Photo by Lorna Sim |
LESS
– Australian Dance Party at LESS Pavilion, Canberra. March 4th , 5th ,
10th , 11th and 12th. Enlighten Festival; The BOLD Festival.
Reviewed by Frank McKone
March 12
Directed by Alison Plevey in collaboration with dancers Ryan Stone, Ashlee Bye, Levente Szabo, Jake Silvestro and Patricia Hayes-Cavanagh.
Sound design by Alex Voorhoeve with live instrumentation by Liam Budge (vocals) and John Mackey (sax).
Lighting Design by Dynamic AV.
Costume Design by Aislinn King.
Though
I am old and no longer anywhere near as bold as so many of the workshop
participants and performers in Liz Lea’s week-long BOLD Festival, I
will boldly write that there definitely should be more of LESS.
For
those old enough to remember Graham Jones’ Kinetic Energy Dance
Company, in its early days in the 1970s, when his company “became famous
for its site-specific events for tertiary institutions, in cafeterias,
libraries, quadrangles etc.”, Australian Dance Party’s very
site-specific exploration of the new sculpture, LESS Pavilion, at the
Dairy Road precinct adjacent to the Jerrabomberra Wetlands has a déjà vu
effect.
Alison Plevey’s style may be rather different from
Graham Jones’, with his Ballet Rambert experience, but the
scene-shifting in response to the different elements of the built
environment is in this tradition.

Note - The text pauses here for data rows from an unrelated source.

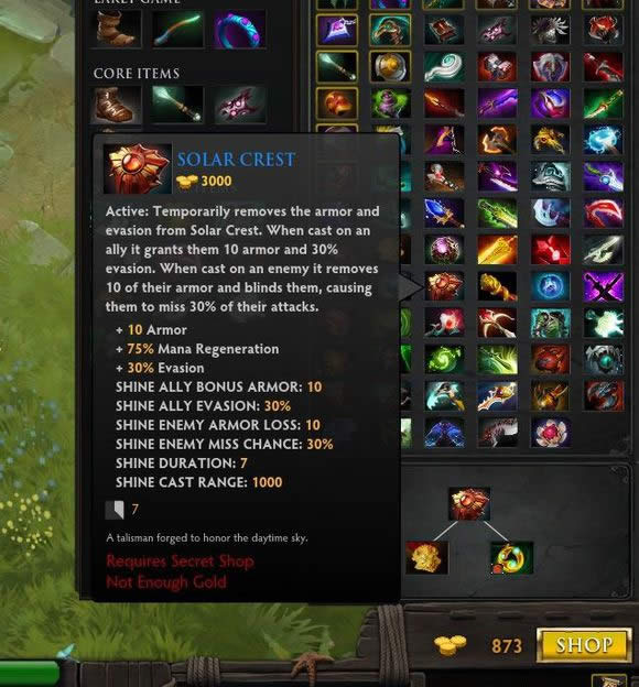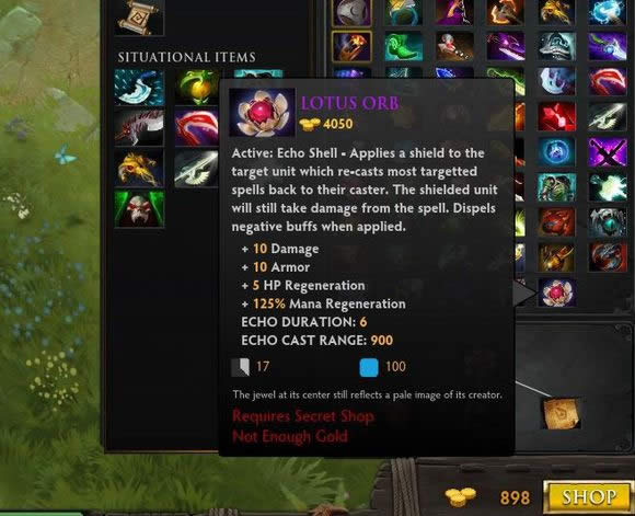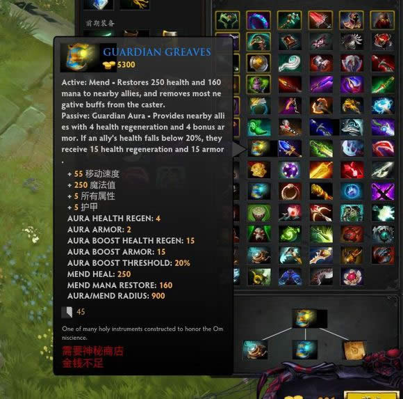 +5生命回复 +125%回魔 +10攻击力 +10护甲 主动使用:对友方单位使用,净化不良效果(无法清除晕眩),同时会为友方单位提供一个回声护甲,持续6秒钟。当回声护甲生效时,当敌方向该单位使用debuff时,该debuff反作用于施法者身上。17秒CD,100魔法消耗,900施法范围。(注释:和林肯的机制一样,但是它并不会阻挡技能,而是直接反弹技能。)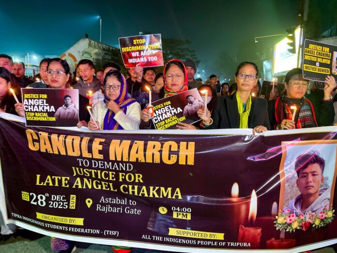 ಡಿಸೆಂಬರ್ 26 ರಂದು ಜನಾಂಗೀಯ ಹೇಳಿಕೆಗಳನ್ನು ವಿರೋಧಿಸಿದ ನಂತರ ಡೆಹ್ರಾಡೂನ್‌ನಲ್ಲಿ ಕ್ರೂರವಾಗಿ ಹಲ್ಲೆಗೊಳಗಾಗಿ ಚಿಕಿತ್ಸೆಯ ಸಮಯದಲ್ಲಿ ಸಾವನ್ನಪ್ಪಿದ 24 ವರ್ಷದ ವಿದ್ಯಾರ್ಥಿ ಅಂಜೆಲ್ ಚಕ್ಮಾ ಸಾವಿನ ವಿರುದ್ಧ ತ್ರಿಪುರಾದ ಹಲವಾರು ಪ್ರದೇಶಗಳಲ್ಲಿ ಮೇಣದಬತ್ತಿ ಜಾಗೃತಿ, ರ‍್ಯಾಲಿಗಳು ಮತ್ತು ಪ್ರತಿಭಟನೆ ಮುಂದುವರೆದಿವೆ.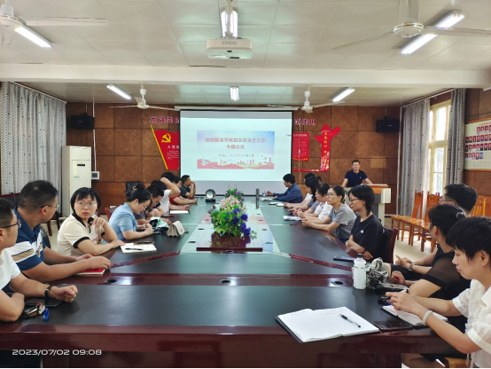 召开安全工作会议,在家院领导和学院班主任老师参加会议,党总支书记李爱国主持会议。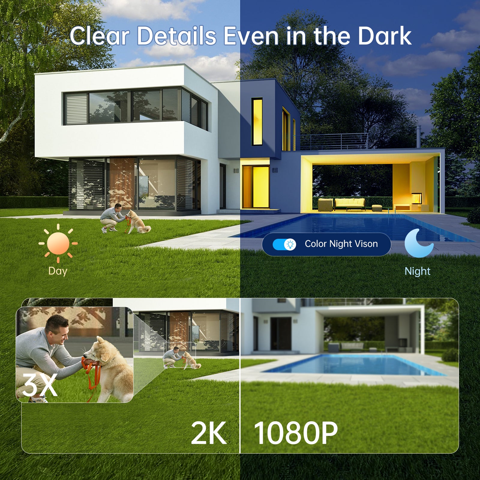 - 2K Ultra HD & Night Vision: Capture clear 2K 4MP HD video with a 95° wide-angle lens. Superior IR night vision and HDR extend up to 33 feet, providing detailed monitoring day and night.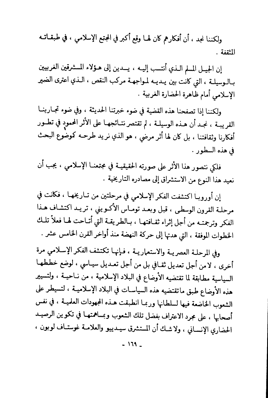 إن الجيل المسلم الذي أنتسب إليه، يدين إلى هؤلاء المستشرقين الغربيين بالوسيلة، التي كانت بين يديه لمواجهة مركب النقص، الذي اعترى الضمير الإسلامي أمام ظاهرة الحضارة الغربية.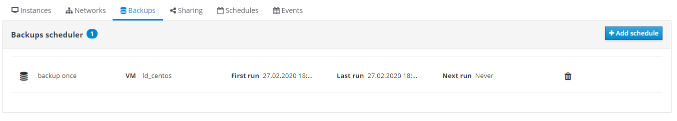 To schedule backup, you need to press the Add schedule button under the Backups tab.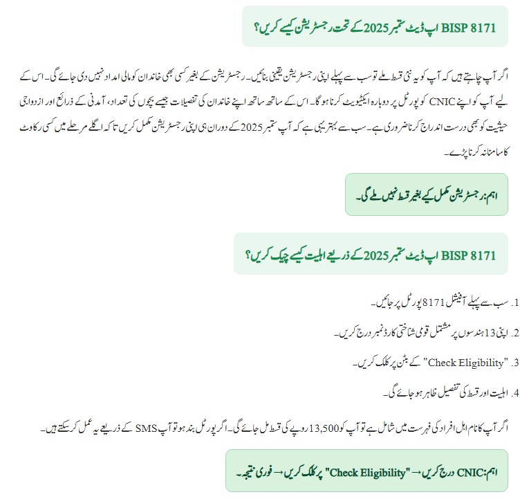 FAQs — BISP 8171 Update September 2025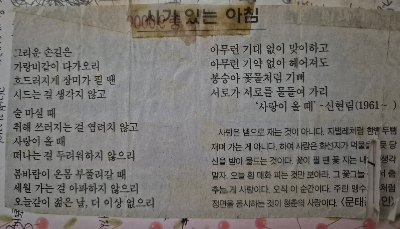 '부장들 화합이 잘되어야 학교가 잘 굴러간다'며 주말 낀 일박이일 친목여행(대부분 원치 않던)을 가게 되면, 저녁식사에 한잔 술(아니 여러 잔)을 마시고 나는 시를 낭송했다. 한 사람씩 장기자랑 비슷한 것을 해야 되는 순서였다. 그때 좋아서 열심히 읊은 시가 바로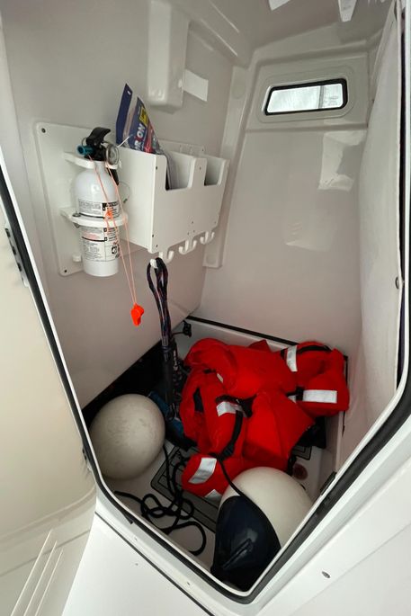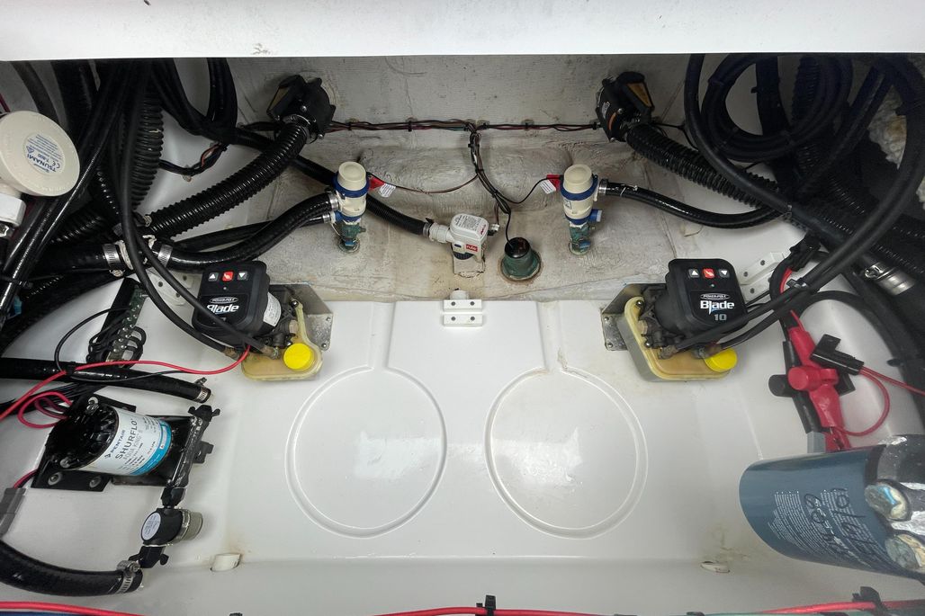 Outfitted with dual Garmin 1243xsv displays, Garmin VHF, an Airmar B60 thru-hull transducer, Siren marine boat monitoring system and a jackplate for optimal motor height adjustment, you’ll get precise control and performance on any water. A 36V Minn Kota iPilot trolling motor with quick release mount and two onboard chargers, along with dual 10' Power Pole Blades, make shallow water fishing effortless. Trim tabs, aquarium-style live wells, coffin box, tackle storage, and forward factory rod holders round out the fishing setup.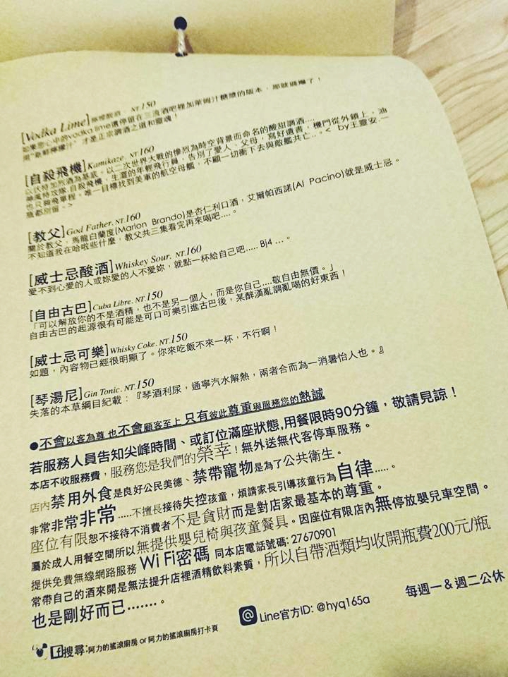 聽說在阿力的時期可說是家庭用餐聚會的親子餐廳,老闆一改以前的走向:成人的酒食空間,相信老闆對於品味有自己的堅持。 服務 內用 餐點類型 晚餐 平均每人消費金額 $1,600-1,800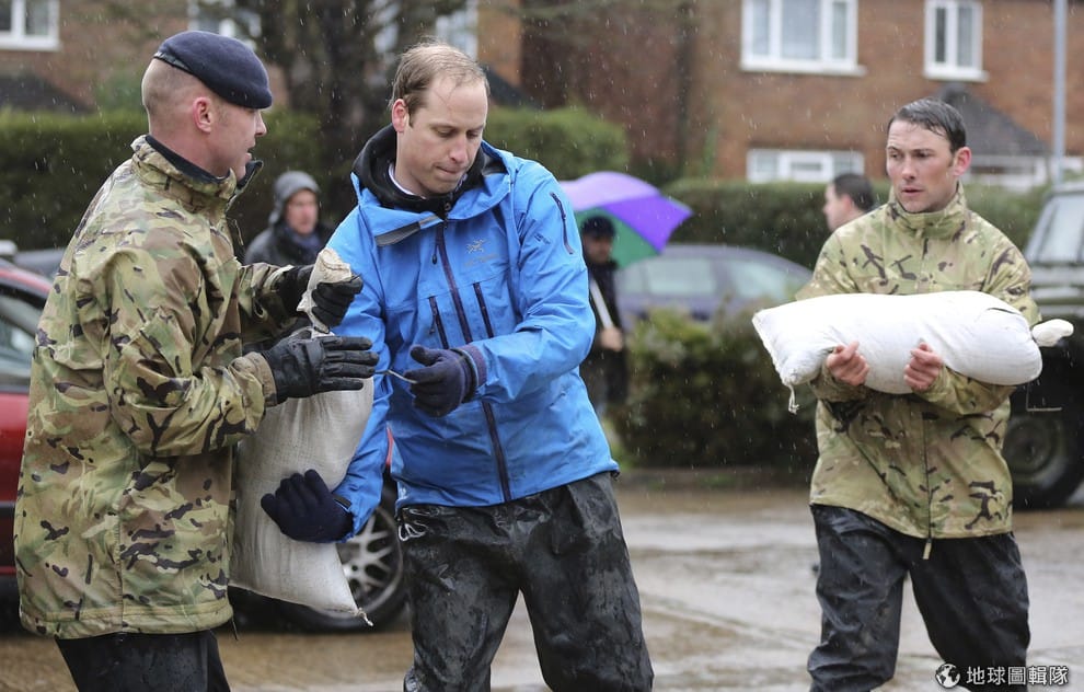 照片中是英國皇室的威廉王子,他加入士兵行動一起搬沙包抵擋大水。據報導,英國遭遇嚴重洪患,威廉及哈利王子暗自加入救援行列,親赴祖母、英國女王伊麗莎白二世溫莎城堡(Windsor Castle)居所附近,協助士兵搬沙包。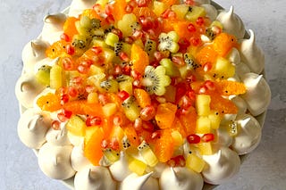 Recette pour les fêtes : pavlova kiwi, clémentines, citron et graines de grenade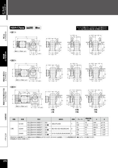インダクションギアモータG/G3タイプ平行軸H/H2タイプ直交軸F/FAタイプ中空軸・中実軸F2/F3タイプ同心中空軸・同心中実軸技術資料オプションH2タイプ直交軸軸径28脚取付カッコ()の値はブレーキ付ギアモータの表示です。カッコ[]の値は出力軸材質炭素鋼の表示です。<図1>B(A)A318.5368174.5108.21004536[40]φ28h612015φ28h612015108.21004536[40]64108.21004536[40]1004536[40]φ28h6φ28h612015適合コード径φ8~φ12801254-φ1110012650501001265010012650<図2>B(A)A31398174.5108.21004536[40]φ28h6φ28h6108.21004536[40]63108.21004536[40]φ28h61004536[40]φ28h6120151201512015適合コード径φ8~φ12801254-φ11100126501001265010012650<図3>(A)35□105A3831115.2100B368174.5適合コード径φ8~φ12801254-φ11100126H軸L軸φ28h6φ28h612015120154536[40]5064115.21004536[40]115.21004536[40]φ28h61004536[40]φ28h61201550100126M軸R軸5050100126B軸T軸相数容量型式減速比図番ブレーキ0.1kW三相0.2kW0.4kWH2L28#***-WM01T◇◇ENH2L28#***-WM01T◇◇EV◆H2L28#***-WM02T◇◇ENH2L28#***-WM02T◇◇EV◆H2L28#***-WM04T◇◇ENH2L28#***-WM04T◇◇EV◆300,375,45080,100,120,160,200,2405,10,15,20,25,30,40,50,60123なし付きなし付きなし付き概略質量(kg)1011.59.5111112.5A344371.5294.5351321382Bφ115φ115φ115□126□137□137※型式の#には軸材質ステンレス鋼はH,M,B、炭素鋼はL,R,Tが入ります。また***には減速比、◇◇には電源電圧記号、◆にはブレーキ仕様が入ります。※性能表はP.264をご参照ください。270

In creating the work, improvisation
on location must surely be central to ADP’s process as it was for
Kinetic Energy’s.
LESS begins with a kind of almost formal
invocation adagio in water, recognising its place underlying the land.
From walking in still water, shallow and almost representing Biblical
walking on water, reactions form – from humour to intense dislike and
even fear – to the splashing nature of the medium, as well as
recognition of our need for life-giving water. Accompanied by a miked
amplified voice – musical at first through to all kinds of mouth noises –
seemingly improvised live, the dance of life spreads into the structure
of the LESS Pavilion at ground level until there is excitement running
up around the circular ramp into the upper level among the ever-rising
pillars.
A point is reached when it seems that all possible
moods and responses in movement have been explored – and quietness and
stillness reign again. And our applause becomes our response.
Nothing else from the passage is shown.